Given the oligopoly that’s forming, it’s only natural that big tech companies, the ones that got on in an early, sustainable way will continue to remain at the forefront of technology.  Partially, this is a natural consequence of unfettered capitalism; Keynesian economics implies that this is a feature and not a bug of the system. But where is the room for the little guy? How does an independent filmmaker make money in this world where the primary goal is to be bought by the larger companies?

Therein lies a solution. As these companies compete with each other, anything worth something has them scrambling to purchase it. To pierce through the never-ending content, however, is the challenge.
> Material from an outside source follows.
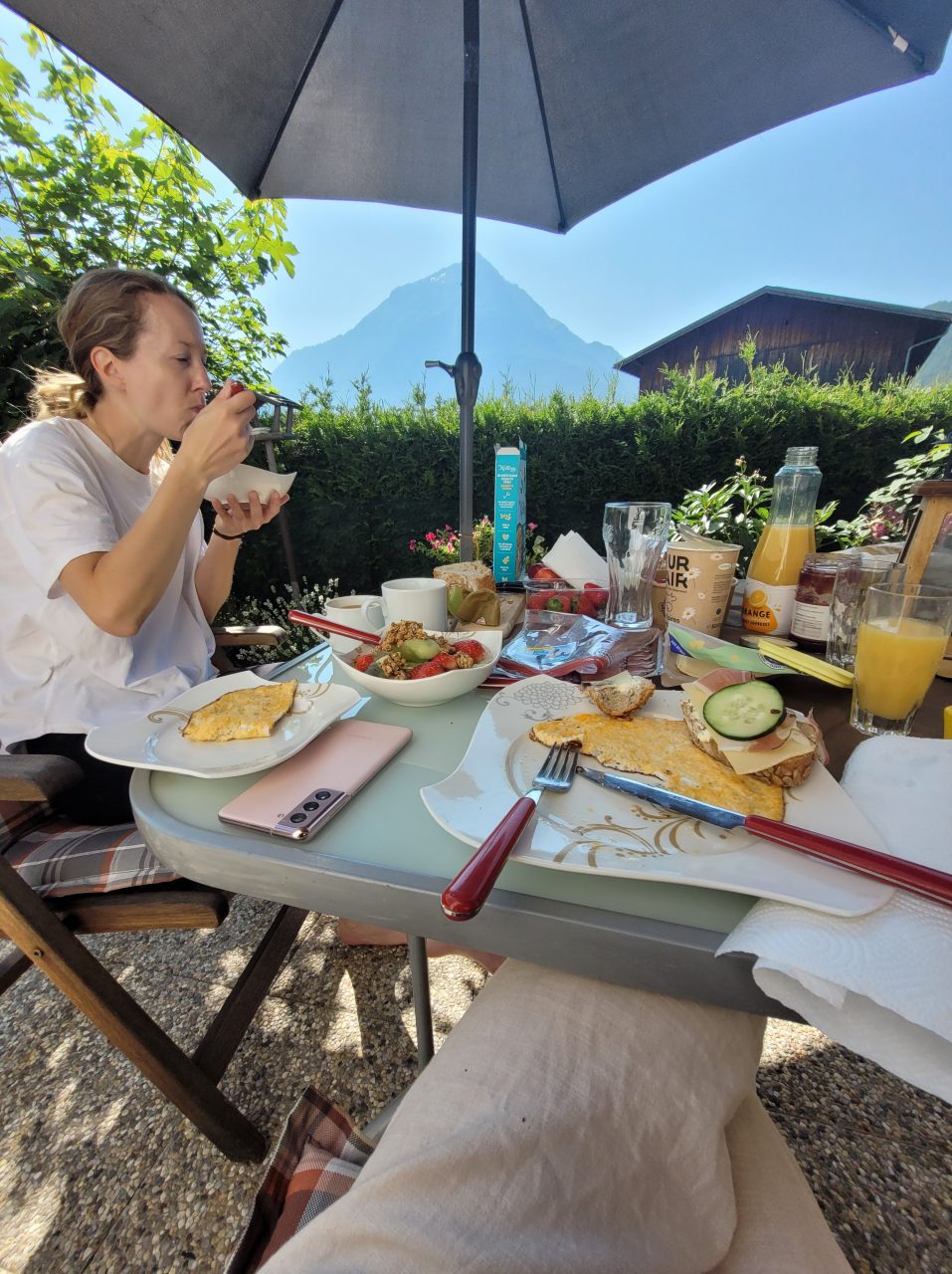 Loppureissuksi siirtyminen Itävaltaan ja aamupalaa Söldenissä

Either something is marketed well-enough that it gathers a crowd and following, which is partially necessary regardless of the product, though the marketing machine of big studios and major tech companies will most likely always do this better. Or, better yet, something gets made that is a step above all of the other content. We saw it with Parasite last year. A Korean film winning Best Picture and grossing hundreds of millions of dollars.

It’s all-too-easy to forget that movies are art. Not a business. And as artists or consumers, we have to believe that the truly worthwhile art will spread like wildfire. The movie that says something worth saying will garner attention. The song worth singing will stick in our heads.  The innovative will continue to innovate, regardless of their seemingly long odds and difficult financial prospects. We live in a truly unique time. One in which big tech dominates the marketplace. But we’ve seen that nothing is too big to fail. The biggest of companies, like Blockbuster, have gone down. Empires have fallen. History is bound to repeat itself. It’s true that inequality is a feature of capitalism, but so is innovation. In the most innovative time in history, we take the good with the bad. And after everything, the material consequence and never-ending bureaucracy falls away, hopefully we’re left with the brightest stars. In the meantime, we’ll take a page out of John Mayer’s book and keep waiting on the world to change.